Having returned to Prague that evening and spent several hours in the legendary Thirsty Dog pub, a Ballymena / Coleraine detachment of GAWA foot soldiers were winding their way up Prague’s medieval Karlova when a rumour emerged that several of the players were in an adjacent bar. Sure enough a crepuscular basement venue was playing host to the goalscorer Mulryne, Peter Kennedy, Glenn Ferguson, Michael Hughes and the beknighted one himself – Sir David Healy of Killyleagh.

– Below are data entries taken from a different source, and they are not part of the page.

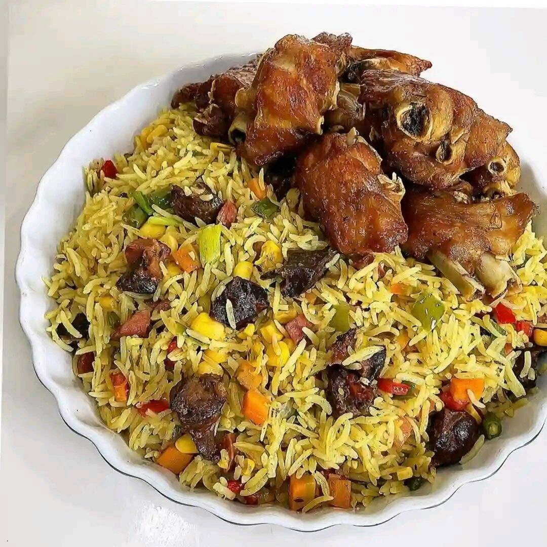 Savourez notre Riz Jollof exquis accompagné de savoureux morceaux de poulet grillé. Parfait pour un dîner savoureux et coloré, ce plat ravira vos papilles avec son mélange de riz épicé et de légumes frais. Une option idéale pour vos repas de fête ou un festin en famille.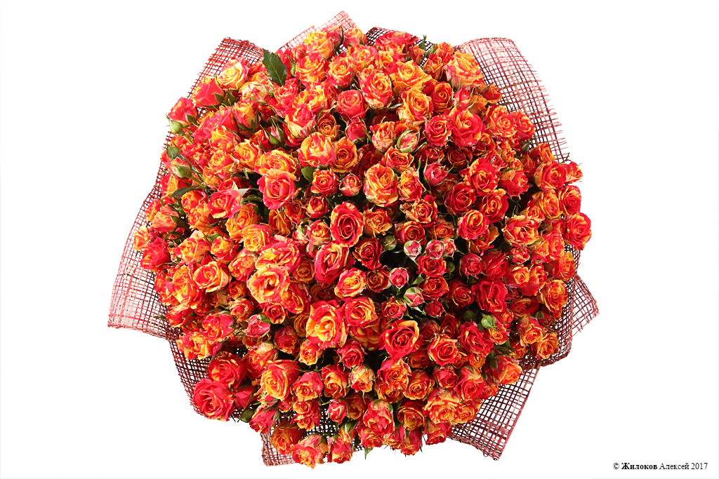 Настоящий фейерверк красоты, взрыв ярких красок - все это о букете из 50 кустовых роз Фаер Флеш. Этот красочный придется как нельзя кстати ярким и зажигательным натурам!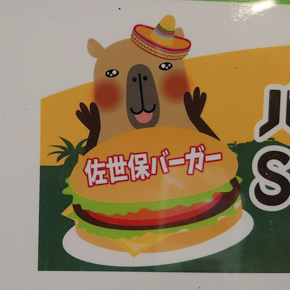 デフォルメされていても、一目でカピバラと分かる看板。特に顔と鼻は分かりやすい。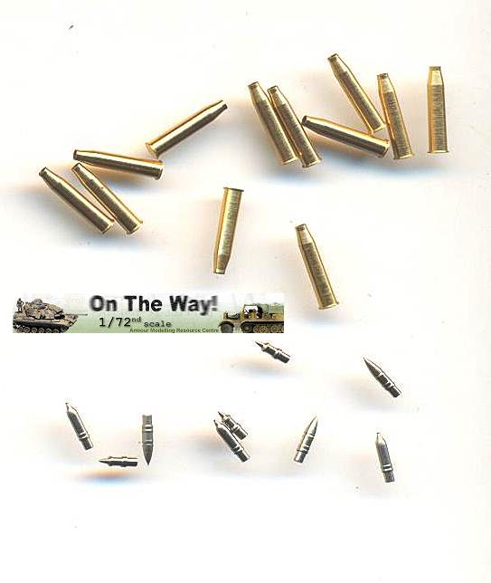 The Ordnance Quick-Firing 17pdr was a 76.2 mm gun developed by the United Kingdom during World War II. It was used as an anti-tank gun on its own carriage, as well as equipping a number of British tanks, like the Sherman Firefly or the Centurion, and tank destroyers, like the Archer or Achilles. The Comet used a slightly different gun, with shorter projectiles (from Wikipedia). This set contains 12 empty brass shells and 9 aluminum (?) projectiles (3 each of 3 types). The latter can be inserted into the hollow shells to make a complete round.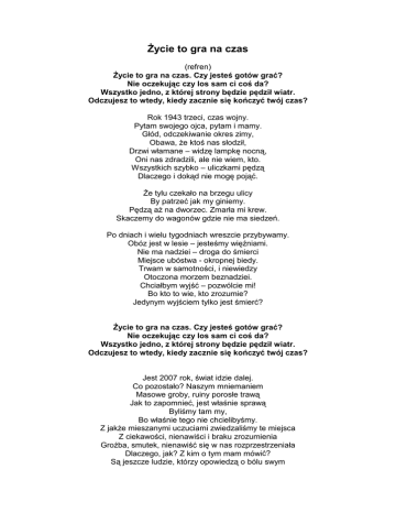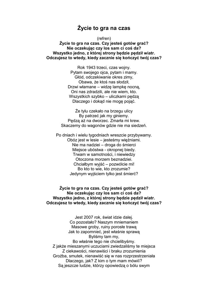 śycie to gra na czas (refren) śycie to gra na czas. Czy jesteś gotów grać? Nie oczekując czy los sam ci coś da? Wszystko jedno, z której strony będzie pędził wiatr. Odczujesz to wtedy, kiedy zacznie się kończyć twój czas? Rok 1943 trzeci, czas wojny. Pytam swojego ojca, pytam i mamy. Głód, odczekiwanie okres zimy, Obawa, Ŝe ktoś nas słodził, Drzwi włamane – widzę lampkę nocną, Oni nas zdradzili, ale nie wiem, kto. Wszystkich szybko – uliczkami pędzą Dlaczego i dokąd nie mogę pojąć. śe tylu czekało na brzegu ulicy By patrzeć jak my giniemy. Pędzą aŜ na dworzec. Zmarła mi krew. Skaczemy do wagonów gdzie nie ma siedzeń. Po dniach i wielu tygodniach wreszcie przybywamy. Obóz jest w lesie – jesteśmy więźniami. Nie ma nadziei – droga do śmierci Miejsce ubóstwa - okropnej biedy. Trwam w samotności, i niewiedzy Otoczona morzem beznadziei. Chciałbym wyjść – pozwólcie mi! Bo kto to wie, kto zrozumie? Jedynym wyjściem tylko jest śmierć? śycie to gra na czas. Czy jesteś gotów grać? Nie oczekując czy los sam ci coś da? Wszystko jedno, z której strony będzie pędził wiatr. Odczujesz to wtedy, kiedy zacznie się kończyć twój czas? Jest 2007 rok, świat idzie dalej. Co pozostało? Naszym mniemaniem Masowe groby, ruiny porosłe trawą Jak to zapomnieć, jest właśnie sprawą Byliśmy tam my, Bo właśnie tego nie chcielibyśmy. Z jakŜe mieszanymi uczuciami zwiedzaliśmy te miejsca Z ciekawości, nienawiści i braku zrozumienia Groźba, smutek, nienawiść się w nas rozprzestrzeniała Dlaczego, jak? Z kim o tym mam mówić? Są jeszcze ludzie, którzy opowiedzą o bólu swym Słucham ich i właśnie nadszedł czas Dla podjęcia sensownego działania. By sprawy w dobro przekształcić Jesteśmy gotowi tego się nauczyć. Mamy idee, które nie za długo Zapewnią naszą przyszłość. śycie to gra na czas. Czy jesteś gotów grać? Nie oczekując czy los sam ci coś da? Wszystko jedno, z której strony będzie pędził wiatr. Odczujesz to wtedy, kiedy zacznie się kończyć twój czas? Jesteśmy odpowiedzialni, przyszłość w naszych rękach Wszyscy idą do środka, nikogo nie ma na poboczach. KaŜdy swym marzeniem lepszego świata Z respektem, tolerancją swoje Ŝycie splata. Spoglądamy naprzód, ale nigdy wstecz. Chcemy pokoju, bo to jest nasz cel. Który osiągniemy wszyscy razem. Zmuszeni do pracy traktowani jak śmieć Jeśli się nie poruszają, odrzucani precz. Zabijani, do masowych grobów porzucani. Korpus zamiera pozostaje ich duch. I dlatego nie chcemy więcej cierpień! I dlatego jest czas by pokazać! śe nie chcemy więcej murów i kolczastych drutów! śadnych ludzi bez radości i bez marzeń. A miast tego przyjaźń, tolerancja, wolność! Zamiast nienawiści, dyskryminacji i nierówności! śadnych ludzi bez jedzenia i okrycia śadnych prześladowań z racji innych poglądów Niewinnych ludzi prześladowała SS Pozbawieni współczucia i respektu. Dlatego dziś im mówimy – Koniec! Pogardy, nigdy więcej faszyzmu! śycie to gra na czas. Czy jesteś gotów grać? Nie oczekując czy los sam ci coś da? Wszystko jedno, z której strony będzie pędził wiatr. Odczujesz to wtedy, kiedy zacznie się kończyć twój czas? Widziałem ten pomnik i myślałem o nim. O tym jak dawniej wybuchła wojna. Nie moŜna zapomnieć, jak to było dawniej O wszystkim, co stało się w tym czasie Tak to było i to właśnie jest faktem. Nie chcemy Ŝadnych przeproszeń od tych w mundurach. Tego nie zapomina się. Więcej integracji zamiast polityki prawicowej! śycie to gra na czas. Czy jesteś gotów grać? Nie oczekując czy los sam ci coś da? Wszystko jedno, z której strony będzie pędził wiatr. Odczujesz to wtedy, kiedy zacznie się kończyć twój czas? Józef Kuźba

This venue was not to witness the bouncer attacking incident which was to earn this quintet, with Mulryne substituted for goalkeeping coach Tommy Wright, the title of “Prague 5”. That doubtful honour was reserved for the Atlas Cabaret club near Wenceslas Square. Our personal brush with greatness ended having secured photographs and insulted Glenn Ferguson by asking him to take one of us “with the players”. We moved on to another venue. Rumours emerged the next day that 5 players had been arrested. This proved to be the case. It was alleged that they had attacked a bouncer with a vase after he had demanded some outrageous sum to permit them to leave the nightclub. With typical competence the IFA left the next day after the players had been released and didn’t wait to see what the outworking of the incident would be.

Now of course, Healy is worried that returning to Prague, he’ll be met by the Czech police and arrested for a supposed attack on one of the extortionist thugs who man the door of Czech nightclubs.

Update: Jim Boyce says Healy will be grand. He doesn't actually quote any sources for his opinion or indeed provide any evidence to back it up. Nor does he say that he's actually checked with the Czech authorities.